> _WHAT TO PRODUCE_:
Skip any image you find and restate the rest of the data word for word.

> _AVAILABLE DATA_:
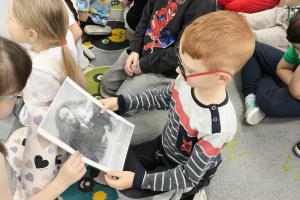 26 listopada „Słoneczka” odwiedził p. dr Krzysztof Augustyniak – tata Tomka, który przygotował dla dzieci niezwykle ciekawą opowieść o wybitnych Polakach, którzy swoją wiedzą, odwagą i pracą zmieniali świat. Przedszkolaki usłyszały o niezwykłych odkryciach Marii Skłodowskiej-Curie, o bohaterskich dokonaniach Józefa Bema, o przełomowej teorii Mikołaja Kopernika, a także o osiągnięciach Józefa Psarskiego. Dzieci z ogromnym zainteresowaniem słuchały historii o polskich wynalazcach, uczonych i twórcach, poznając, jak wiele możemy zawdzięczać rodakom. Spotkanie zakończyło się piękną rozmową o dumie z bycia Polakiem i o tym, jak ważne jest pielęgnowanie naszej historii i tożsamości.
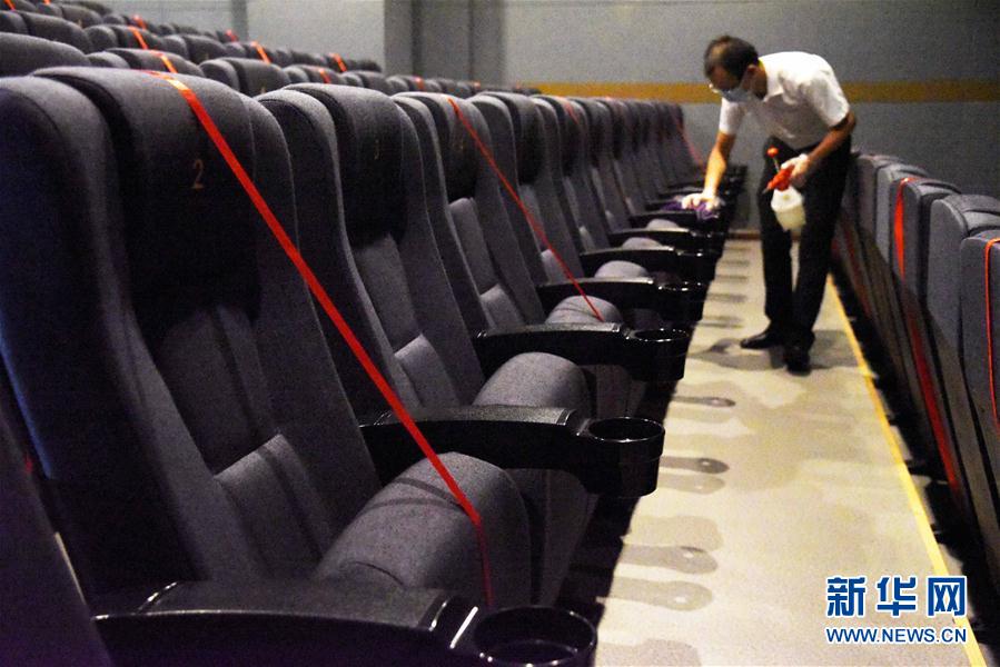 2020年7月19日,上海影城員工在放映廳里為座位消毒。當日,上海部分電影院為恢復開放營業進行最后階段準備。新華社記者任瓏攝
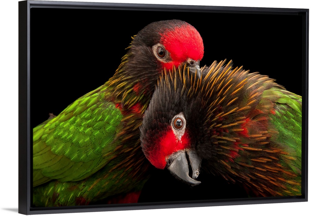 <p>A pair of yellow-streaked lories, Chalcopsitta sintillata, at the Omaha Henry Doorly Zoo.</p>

> _ANSWER FOR THIS EXERCISE_:
 26 listopada „Słoneczka” odwiedził p. dr Krzysztof Augustyniak – tata Tomka, który przygotował dla dzieci niezwykle ciekawą opowieść o wybitnych Polakach, którzy swoją wiedzą, odwagą i pracą zmieniali świat. Przedszkolaki usłyszały o niezwykłych odkryciach Marii Skłodowskiej-Curie, o bohaterskich dokonaniach Józefa Bema, o przełomowej teorii Mikołaja Kopernika, a także o osiągnięciach Józefa Psarskiego. Dzieci z ogromnym zainteresowaniem słuchały historii o polskich wynalazcach, uczonych i twórcach, poznając, jak wiele możemy zawdzięczać rodakom. Spotkanie zakończyło się piękną rozmową o dumie z bycia Polakiem i o tym, jak ważne jest pielęgnowanie naszej historii i tożsamości.
 2020年7月19日,上海影城員工在放映廳里為座位消毒。當日,上海部分電影院為恢復開放營業進行最后階段準備。新華社記者任瓏攝
 <p>A pair of yellow-streaked lories, Chalcopsitta sintillata, at the Omaha Henry Doorly Zoo.</p>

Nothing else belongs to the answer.